- [PROBLEM TO WORK ON]
Line by line, return the listing exactly, without any of the images.

- [GIVEN MATERIAL]
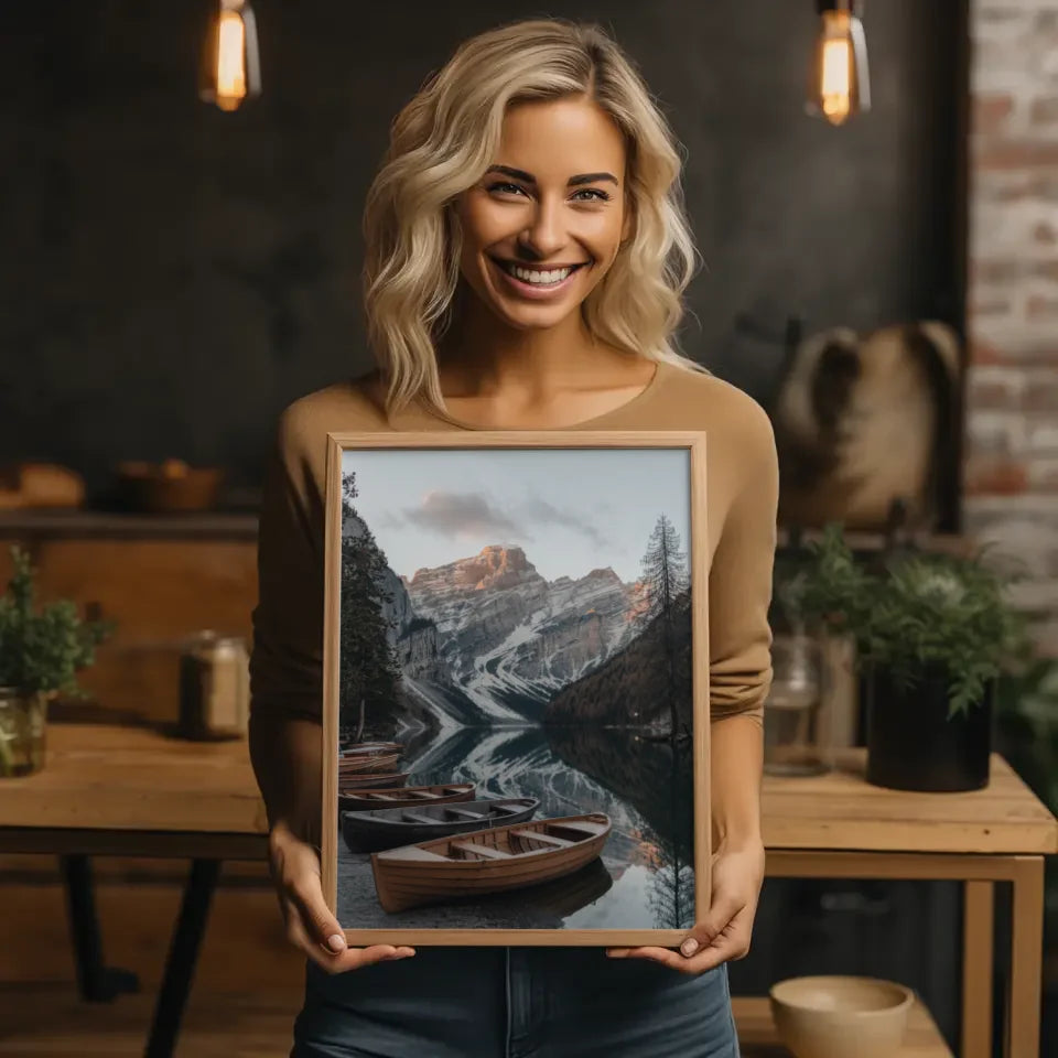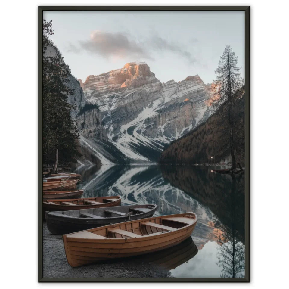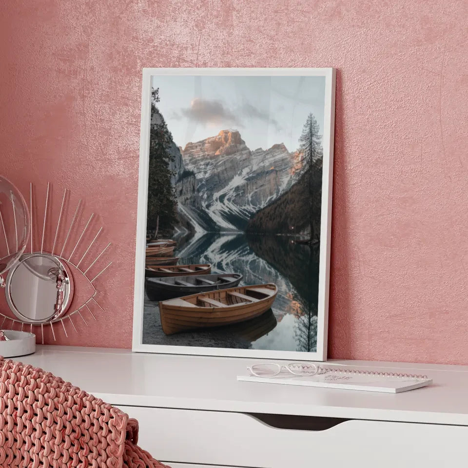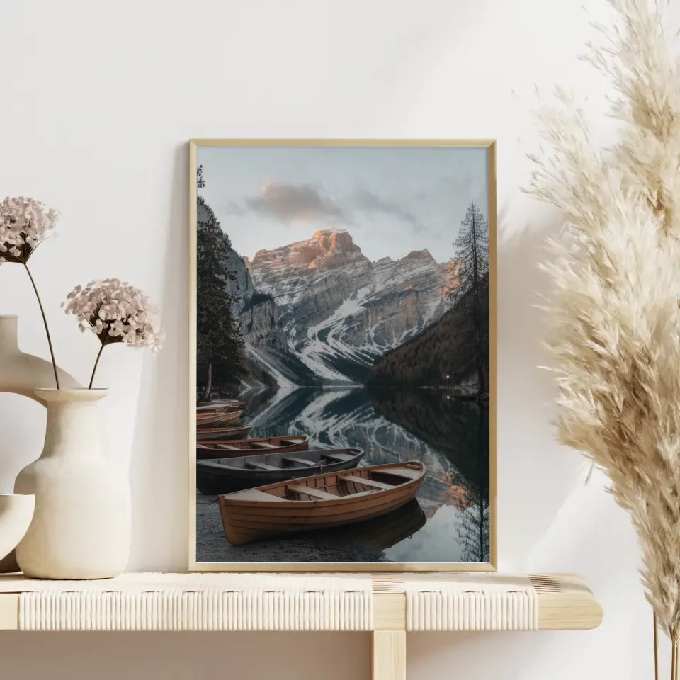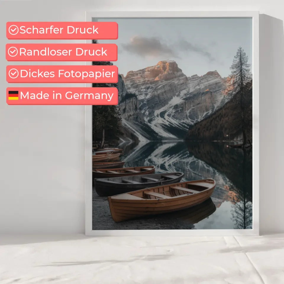 Entdecken Sie unser exklusives Ruhige Landschaft Poster mit See und schneebedeckten Bergen, das Ihre Wände in eine Oase der Ruhe verwandelt. Dieses atemberaubende Poster zeigt eine friedliche Szenerie, in der sich ein stiller See harmonisch mit schneebedeckten Bergen und einem strahlend blauen Himmel verbindet. Die Holzboote am Ufer verleihen demBild einen malerischen Charme, der perfekt für jede Art von Raum geeignet ist.
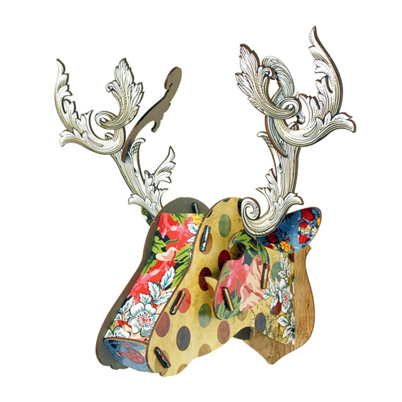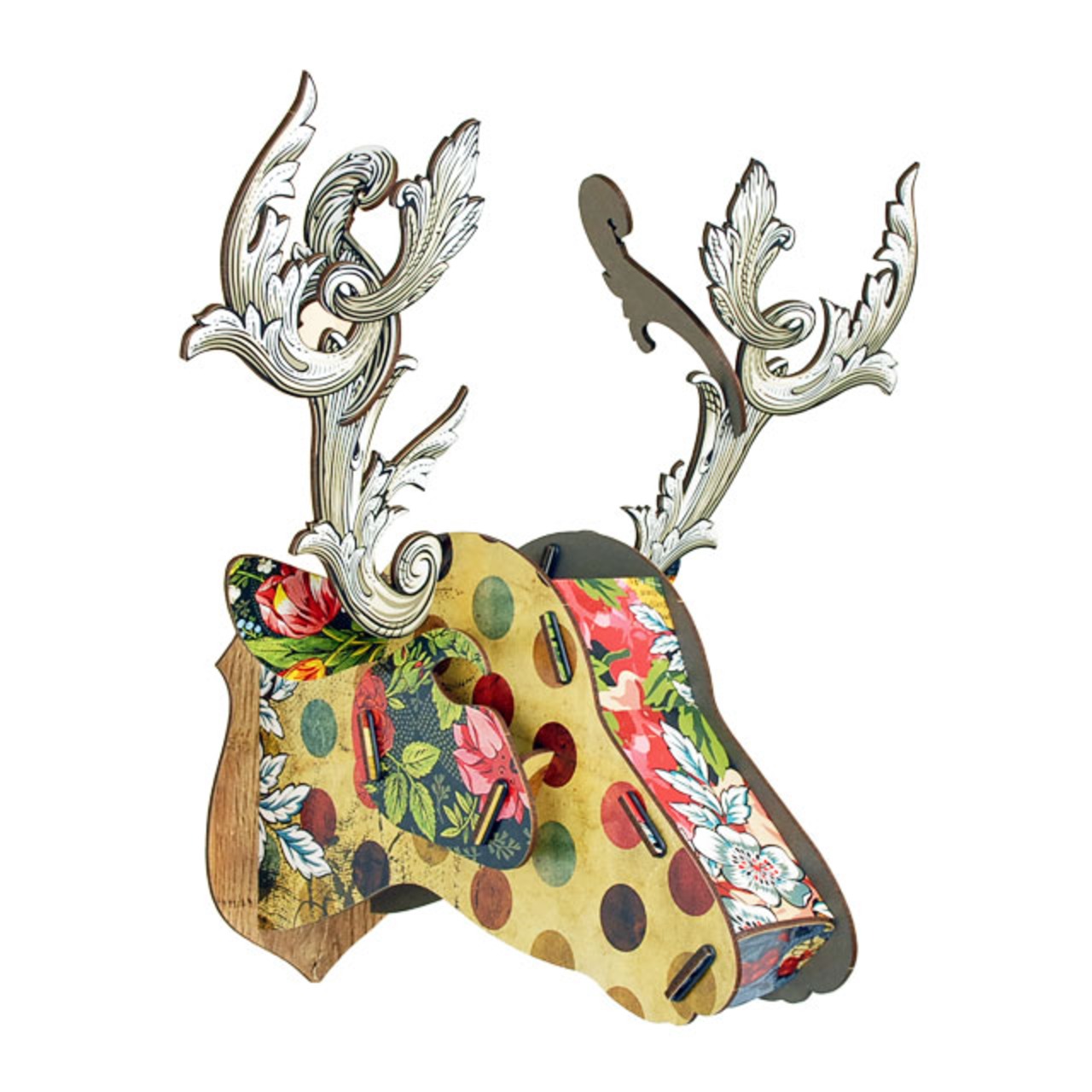 MDF板を組み立ててつくる鹿の壁掛けオブジェです。本格派のMサイズ♪ネジやフックで壁に掛けるのはもちろん、置物として飾ることも可能です。
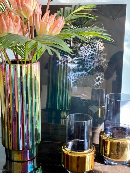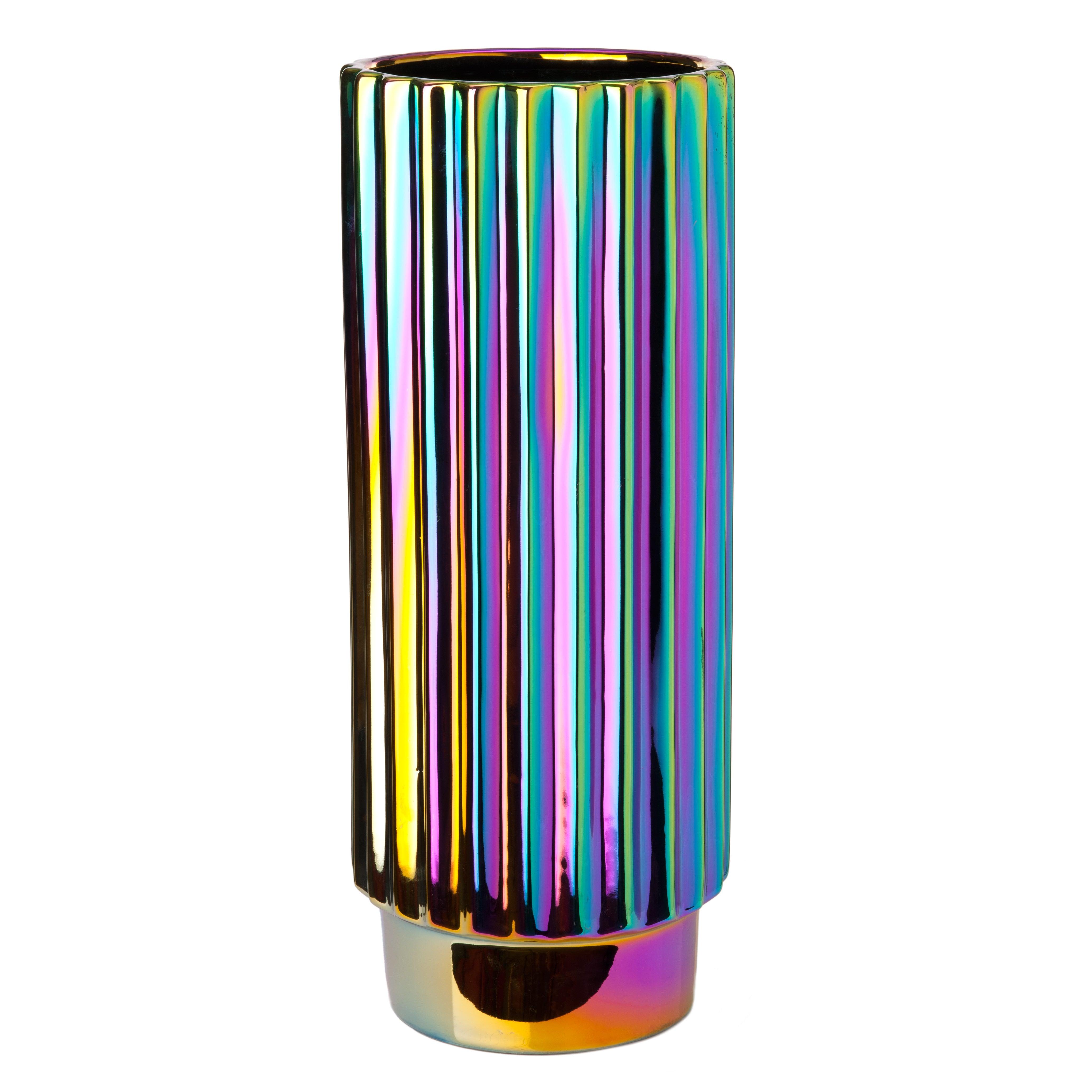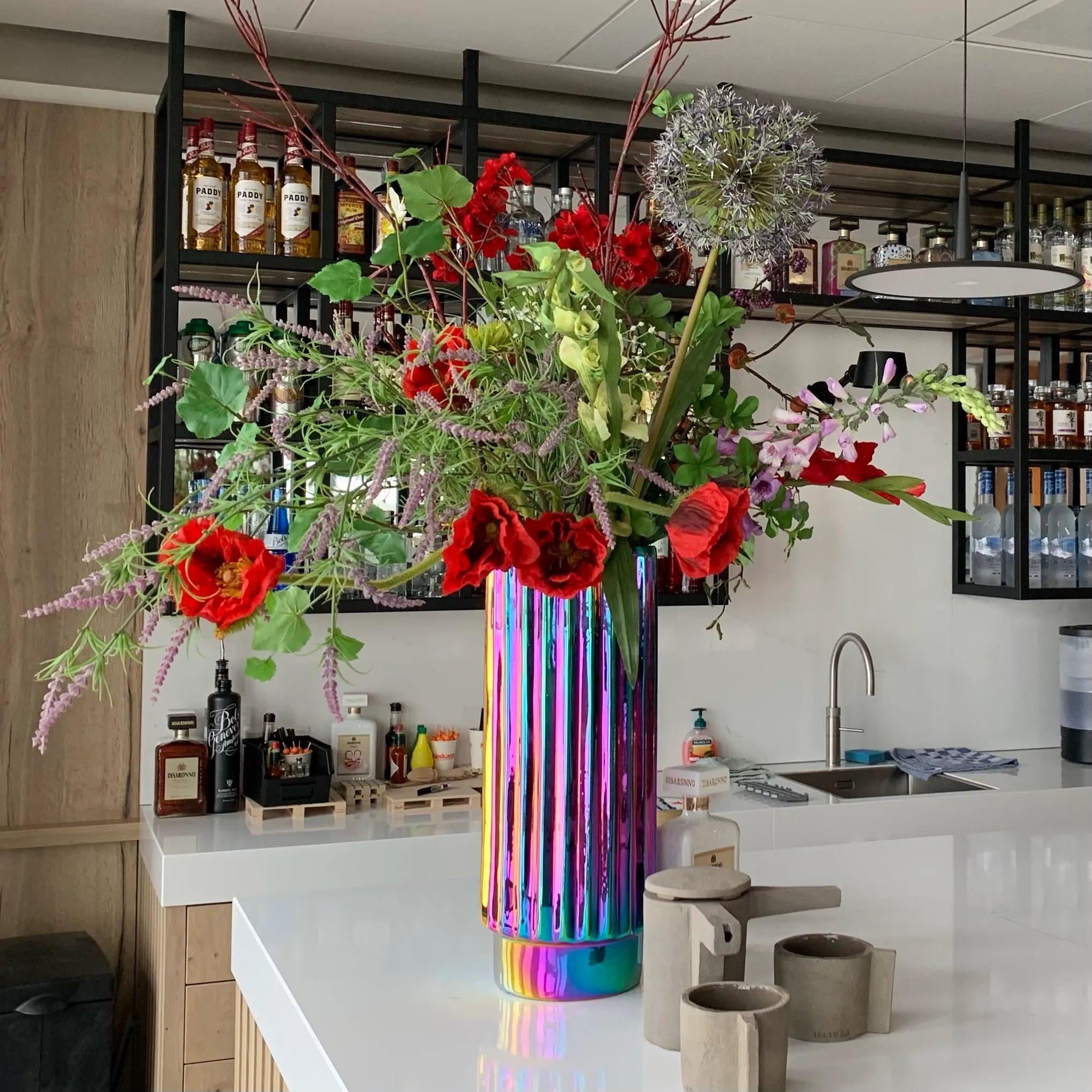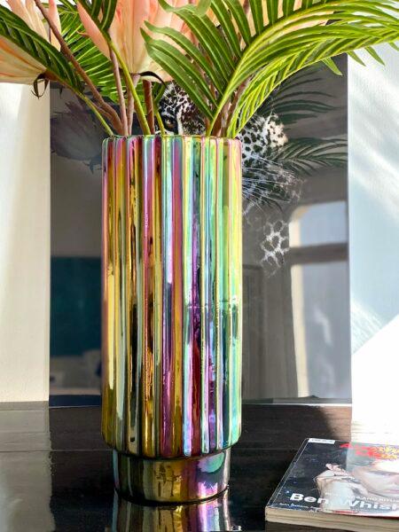 Vase Oily Folds is a model that surprises with its appearance and evokes the image of a distinctive splash of gasoline submerged in a puddle of water. The irregular shape accentuates this extraordinary impression, as sunlight falls on different surfaces, further highlighting the elegant variety of colors.

- [WRITTEN RESPONSE]
 Entdecken Sie unser exklusives Ruhige Landschaft Poster mit See und schneebedeckten Bergen, das Ihre Wände in eine Oase der Ruhe verwandelt. Dieses atemberaubende Poster zeigt eine friedliche Szenerie, in der sich ein stiller See harmonisch mit schneebedeckten Bergen und einem strahlend blauen Himmel verbindet. Die Holzboote am Ufer verleihen demBild einen malerischen Charme, der perfekt für jede Art von Raum geeignet ist.
 MDF板を組み立ててつくる鹿の壁掛けオブジェです。本格派のMサイズ♪ネジやフックで壁に掛けるのはもちろん、置物として飾ることも可能です。
 Vase Oily Folds is a model that surprises with its appearance and evokes the image of a distinctive splash of gasoline submerged in a puddle of water. The irregular shape accentuates this extraordinary impression, as sunlight falls on different surfaces, further highlighting the elegant variety of colors.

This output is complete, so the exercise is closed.